DIALEKSIS.COM | Aceh - Komisi II Dewan Perwakilan Rakyat (DPR) RI mengungkapkan hanya empat provinsi di Indonesia yang tidak bergantung pada Anggaran Pendapatan dan Belanja Negara (APBN). Keempat provinsi tersebut, yakni Banten, DKI Jakarta, Jawa Barat, dan Jawa Tengah, dinilai memiliki kemandirian fiskal tinggi dengan kontribusi Pendapatan Asli Daerah (PAD) di atas 60% terhadap APBD. Sementara lebih dari 70% daerah lain masih menggantungkan pendanaan pada APBN, dengan PAD di bawah 40%.
Ketua Komisi II DPR RI, Rifqinizamy Karsayuda, menjelaskan, capaian empat provinsi ini mencerminkan kuatnya kapasitas fiskal berbasis aktivitas ekonomi lokal. "Jawa Barat, misalnya, kontribusi PAD - nya mencapai 76% pada 2024. Banten 73,7%, DKI Jakarta 64%, dan Jawa Tengah juga memiliki angka signifikan," ujarnya, Selasa (25/6). Sumber utama PAD berasal dari pajak daerah seperti pajak kendaraan bermotor, bumi dan bangunan, serta retribusi, didukung geliat industri skala besar dan pengelolaan BUMD yang profesional.

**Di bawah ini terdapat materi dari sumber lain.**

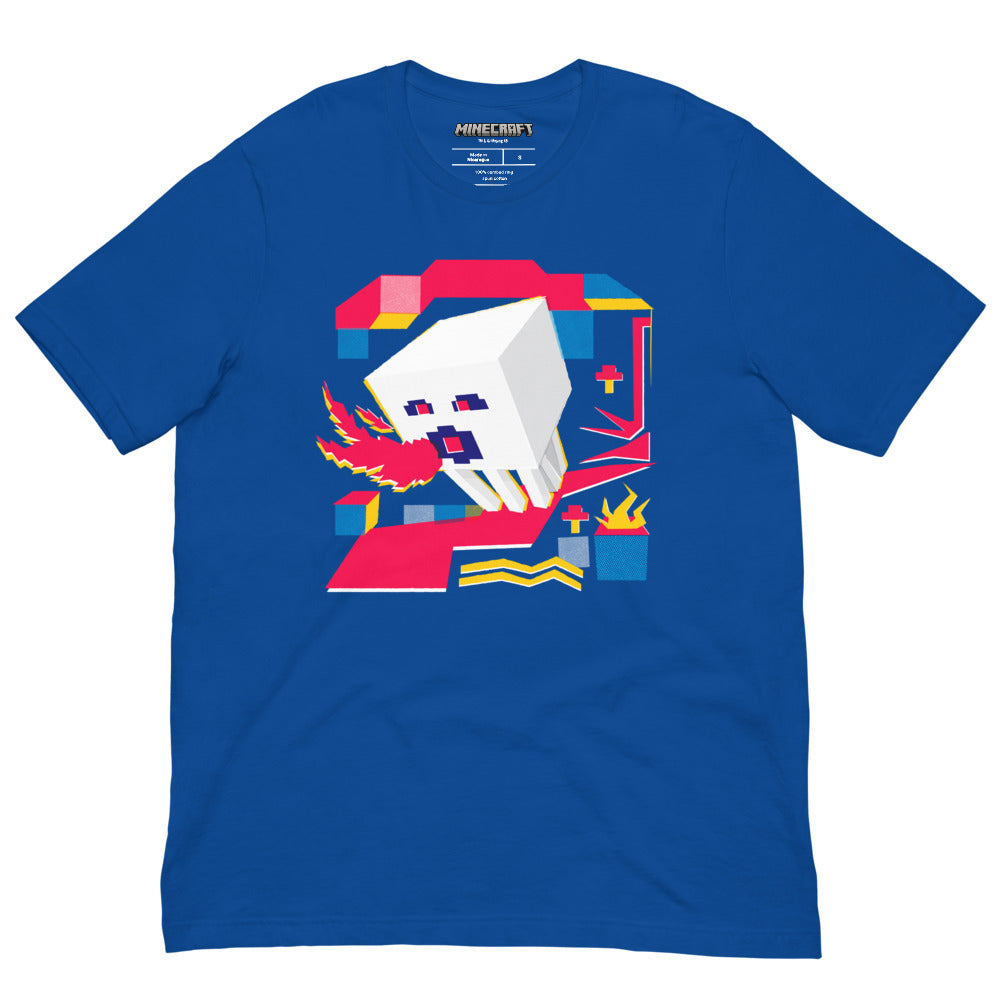 Bring the Nether to your wardrobe with the Minecraft Ghast Adult T-Shirt. Featuring the iconic, ghostly Ghast in all its blocky glory, this tee is perfect for Minecraft fans who love a bit of fiery flair. Whether you're battling mobs or building your dream world, this shirt lets everyone know you're not afraid of a little lava.
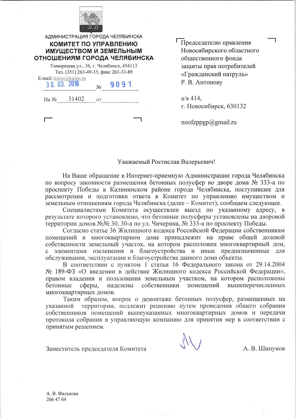 Номер жалобы:31402 Тип жалобы:Иные проблемы ЖКХ Название объекта:Администрация Калининского Района Регион:Челябинская область Город:Челябинск Адрес:просп. Победы, 333А Описание жалобы:Несанкционированная парковка на газоне. На месте имеются битоные полусферы. Прошу переместить полусферы к бордюрам. Либо огородить места заезда столбиками Статус:
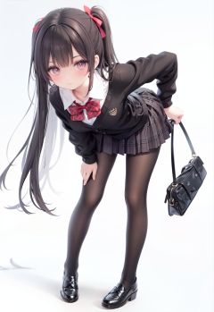1girl, solo, pantyhose, skirt, long hair, loafers, shoes, simple background, school uniform, brown eyes, plaid, black pantyhose, plaid skirt, looking at viewer, black hair, pantyhose pull, full body, clothes pull, black footwear, pleated skirt, leaning forward, bangs, long sleeves, bent over, cardigan, bow, bowtie, standing, closed mouth, pulled by self, grey background, blush, miniskirt, red bow, sweater, **********
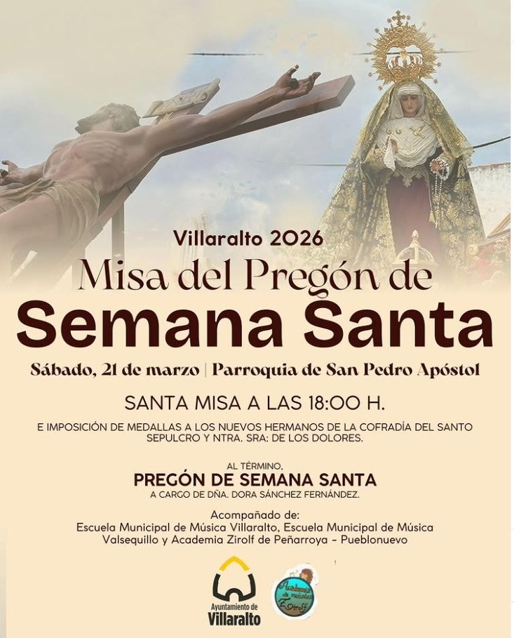 El próximo sábado, 21 de marzo, Villaralto dará inicio a los actos de la Semana Santa 2026 con la celebración de la Misa del Pregón en la Parroquia de San Pedro Apóstol.
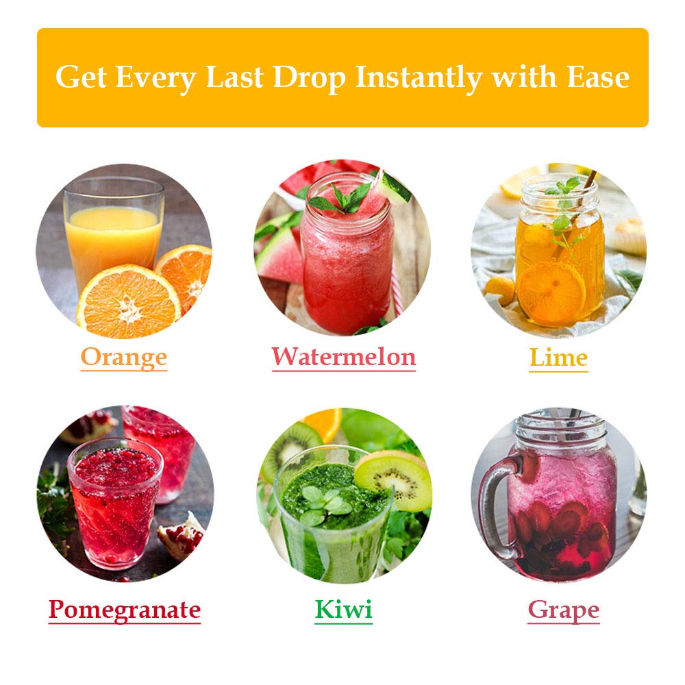 • 【Widely Used & Multi-Function】 With a big size bowl to hold and squeeze all kinds of fruits: lemon, orange, lime, citrus, easily juice the original flavor, enjoy high-quality nutrition life. And it is suitable for all you need: pair with meat, mixed with vegetables, bartending, direct drinking or cooking.
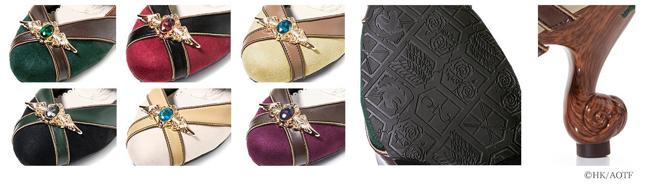 つま先には自由の翼をイメージしたチャームを取り付け、アウトソールには、本商品のために特別に起こした兵団マークデザインを採用。ヒールには、調査兵団の馬の形状をイメージしたヴィンテージライクなウッド調ヒールを。細部までこだわり抜いたデザインを是非お楽しみください。
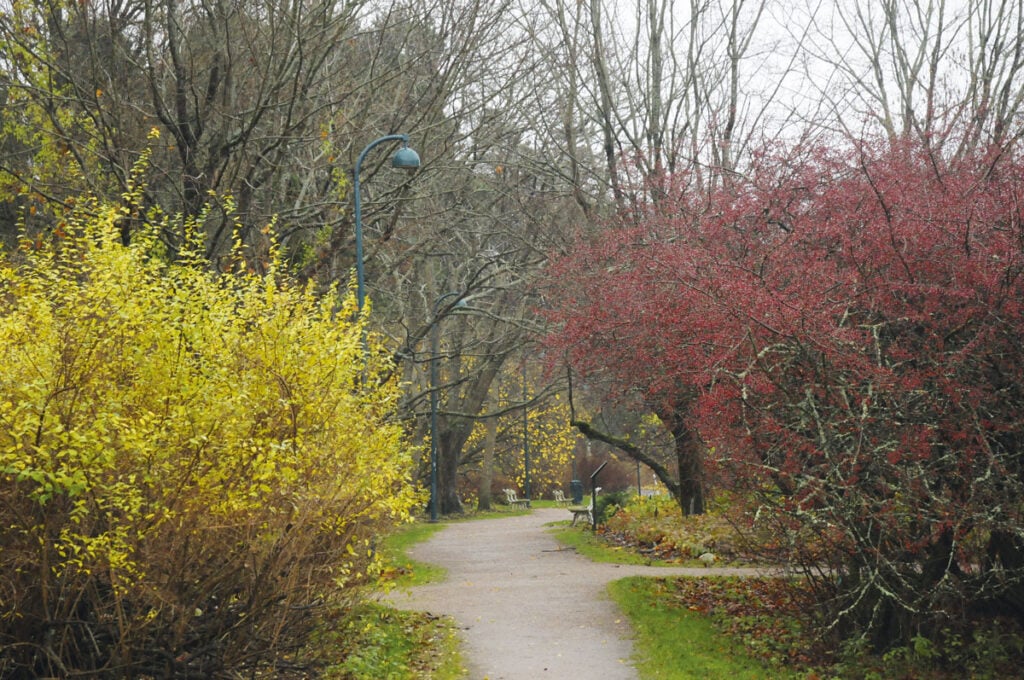 Loka–marraskuisella kävelyllä on paljon ihasteltavaa. Marjaomenapensaan pienet marjat värjäävät koko pensaan punaiseksi. Lehtikuusen pehmeät neulaset tulevat ruskaan vasta kun lehtipuut ovat jo lehdettömiä. Pörröiset, kananpojankeltaiset lehtikuusihahmot pilkottavat paljaiden puiden väleistä ja takaa. Tuoksumaailma hämmästyttää, kun katsurat ja taikapähkinät tuoksuvat makealta, sitruunaltakin.

Di tengah sorotan ini, Aceh menjadi perhatian khusus. Dialeksis, agar mendorong provinsi berstatus khusus ini mencontoh keberhasilan empat provinsi tersebut. Namun, realitasnya, kemandirian fiskal Aceh masih rendah. Kontribusi PAD terhadap APBD - nya belum signifikan, meski ada peningkatan penerimaan pajak daerah.
Dr. Rustam Effendi, SE, M.Econ, akademisi ekonomi Universitas Syiah Kuala, memaparkan, ketergantungan Aceh pada sektor primer seperti pertanian dan perikanan, serta minimnya industri besar, menjadi faktor penghambat.

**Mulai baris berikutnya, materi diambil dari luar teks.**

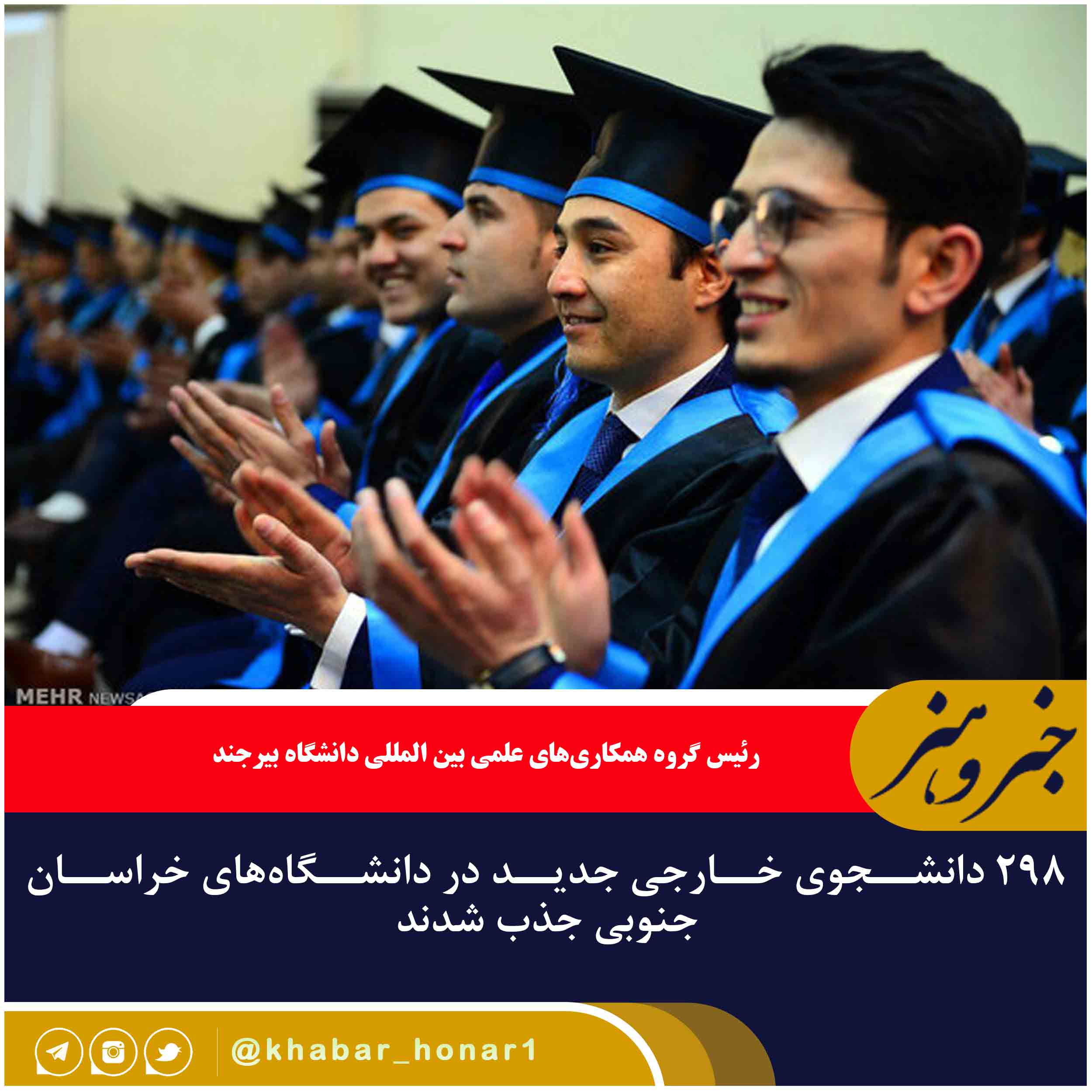 رئیس گروه همکاریهای علمی بین المللی دانشگاه بیرجند گفت: ۲۹۸ دانشجوی جدید خارجی سال تحصیلی جاری در دانشگاههای خراسان جنوبی ثبت نام و پذیرش شدند.
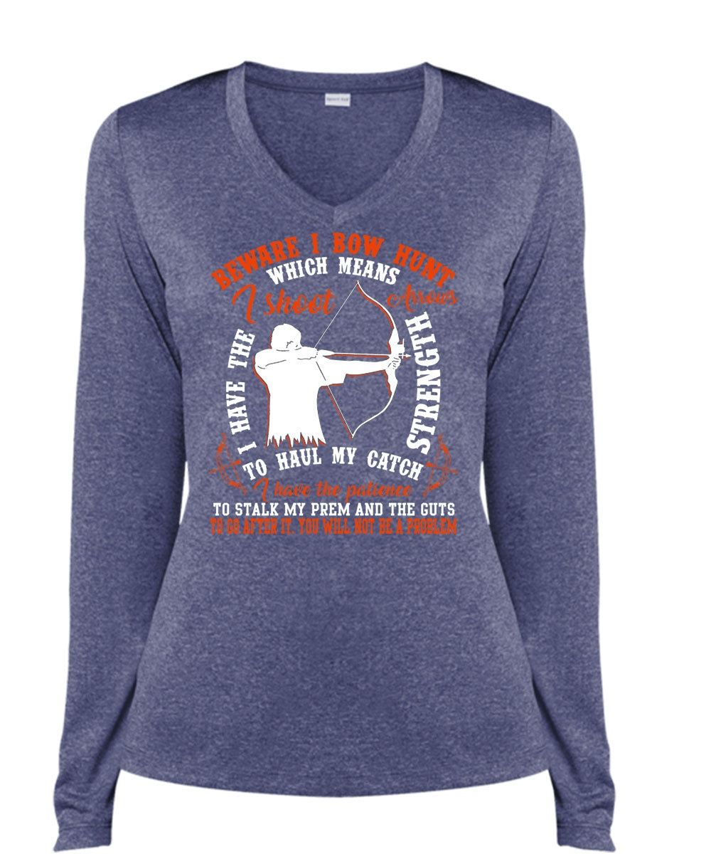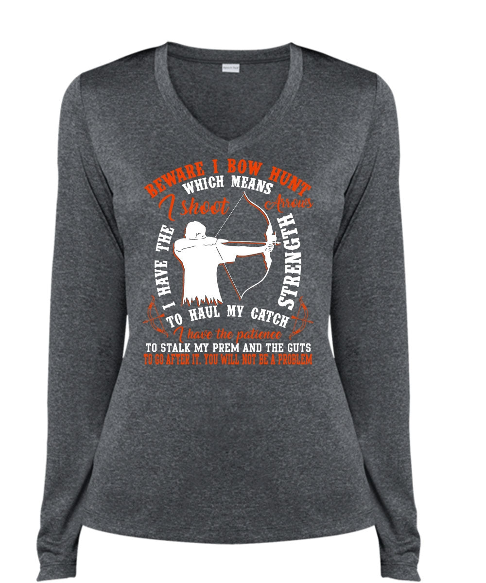 Beware I Bow Hunt T Shirt, I Shoot Arrows T Shirt, Cool Shirt (Ladies LS Heather V-Neck)
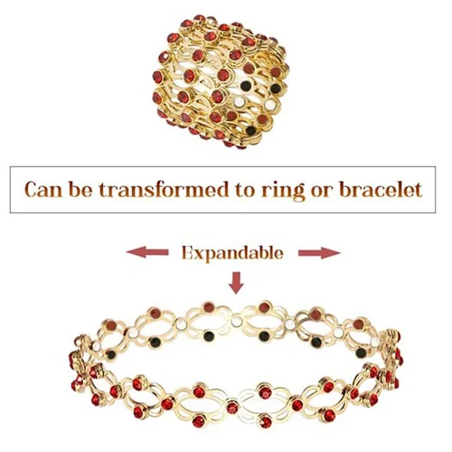 This is an ornament that can be turned into a ring from the bracelet. He can stretch to bracelet. When folded back, he is a very beautiful ring.
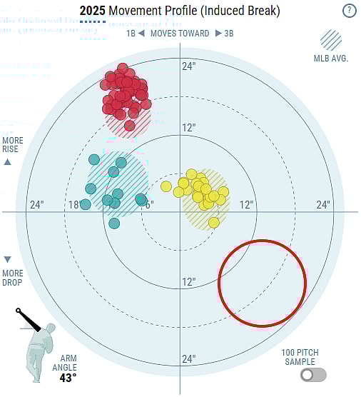 He threw his fastball over 63% of the time during the 2025 season which goes against the growing trend of pitchers who tend to avoid relying a lot on just one fastball shape.

"Mayoritas PAD Aceh masih bergantung pada pajak kendaraan bermotor, yang pengelolaannya belum optimal. Kesadaran wajib pajak juga masih rendah," jelasnya kepada Dialeksis saat di hubungi pada Kamis (01/05/2025).
Untuk mengejar ketertinggalan, Rustam menyarankan langkah strategis, seperti mendorong investasi industri besar.

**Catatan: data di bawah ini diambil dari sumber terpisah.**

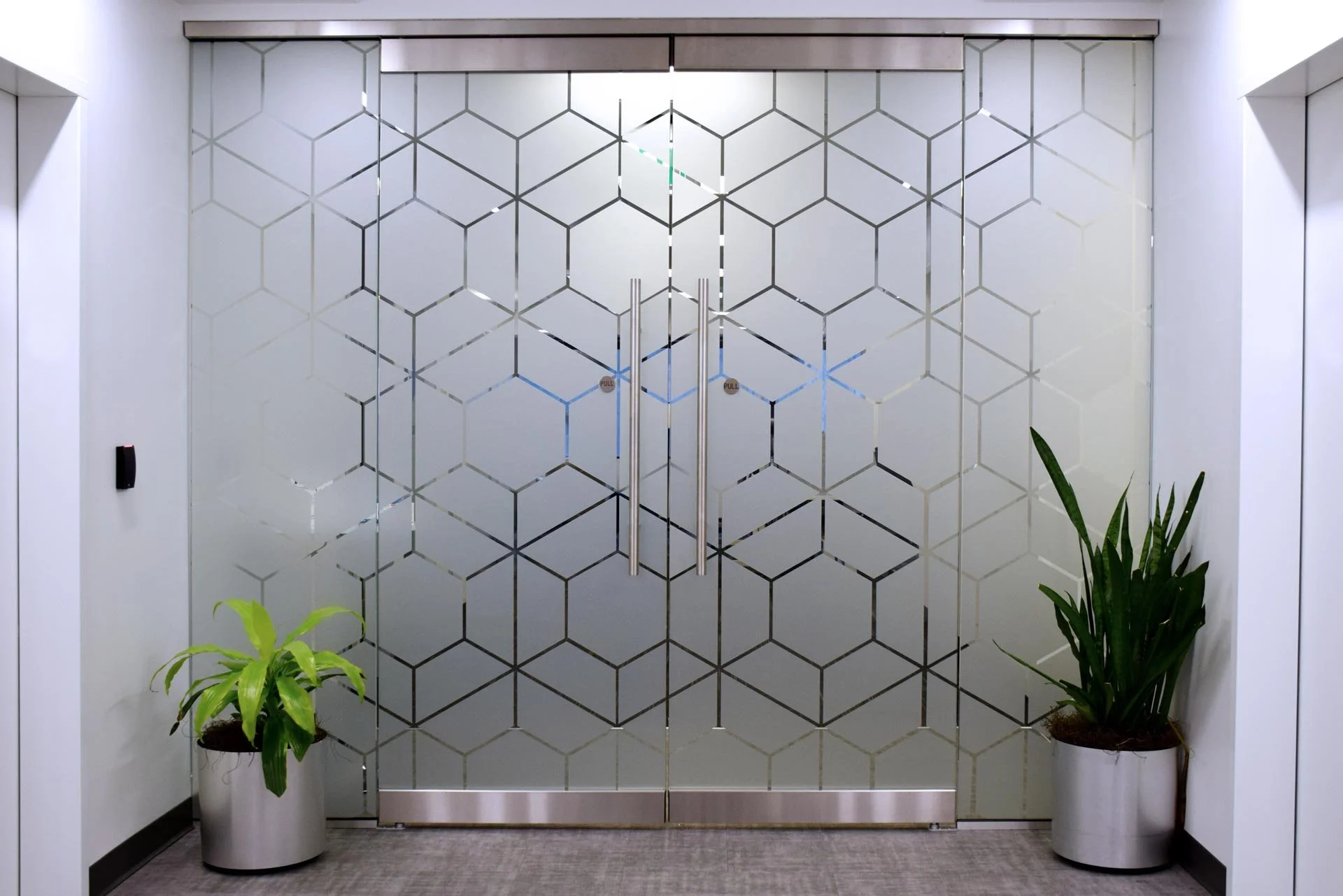 Reception. Frosted vinyl privacy film design (right rear) by me, desk and geometric backdrop design by interior designer Christine Chaney.
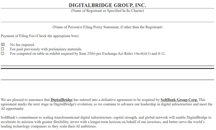 据悉,该交易已获得DigitalBridge董事会特别委员会的一致批准。根据协议,软银将以每股16美元现金的价格收购DigitalBridge所有已发行的普通股。该价格较DigitalBridge 12月26日的收盘价有15%的溢价。
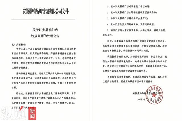 12月28日,安徽墨鸭品牌管理有限公司在官方账号发布了“关于江大墨鸭门店违规问题的处理公告”,公告中称,12月25日,该司旗下镇江江苏大学墨鸭门店与消费者发生言语冲突,在学府路派出所的调解下,总部及江大门店负责人已向当事同学当面致歉并作出赔偿,得到了当事同学的谅解。总部也责令该门店作出辞退涉事员工、停业整顿、门店负责人在网络上道歉等处理。

“Potensi sektor hilir dari komoditas primer seperti perkebunan, kelautan, dan pertambangan perlu dimaksimalkan. Kawasan Ekonomi Khusus (KEK) Arun, Sabang, dan Barsela harus menjadi magnet investor,” ungkapnya.
Selain itu Rustam menyarankan agar semakin optimalisasi keberadaan BUMD, maksudnya PT PEMA dan BPKS perlu dikelola profesional dengan tata kelola berbasis GCG (Good Corporate Governance) dan rencana bisnis terukur.
Saran lain agar mendatang PAD bagi Aceh, Rustam menjelaskan perlunya digitalisasi sistem pajak.
“Implementasi e-pajak untuk meminimalkan kebocoran, pemutakhiran data objek pajak, dan ekstensifikasi wajib pajak baru,” jelasnya.
Tak kalah pentingnya agar PAD Aceh semakin besar yakni pengelolaan aset daerah, ”inventarisasi aset tidak produktif untuk disewakan atau dialihfungsikan guna meningkatkan pendapatan,” ungkapnya.
Terakhir ia menyarankan pentingnya dilakukan restrukturisasi Badan Pengelolaan Keuangan Aceh (BPKA), melahirkan institusi baru melalui pembentukan Badan Pendapatan Aceh agar struktur organisasi lebih ramping dan fokus pada optimalisasi PAD.
Gubernur Aceh, Mualem, diharapkan segera merealisasikan sejumlah ikhtiar, termasuk percepatan kerja sama investasi dan reformasi tata kelola keuangan daerah. "Aceh punya potensi besar. Dengan strategi tepat, kemandirian fiskal bukan hal mustahil," tegas Rustam.
“Tingginya ketergantungan daerah pada APBN mencerminkan belum meratanya pembangunan ekonomi Indonesia. Keberhasilan empat provinsi mandiri menjadi bukti bahwa penguatan PAD melalui industri, pajak, dan BUMD profesional adalah kuncinya. Aceh, dengan segala potensi dan status khususnya, diharapkan bisa segera menyusul,” tutup dosen senior USK ini.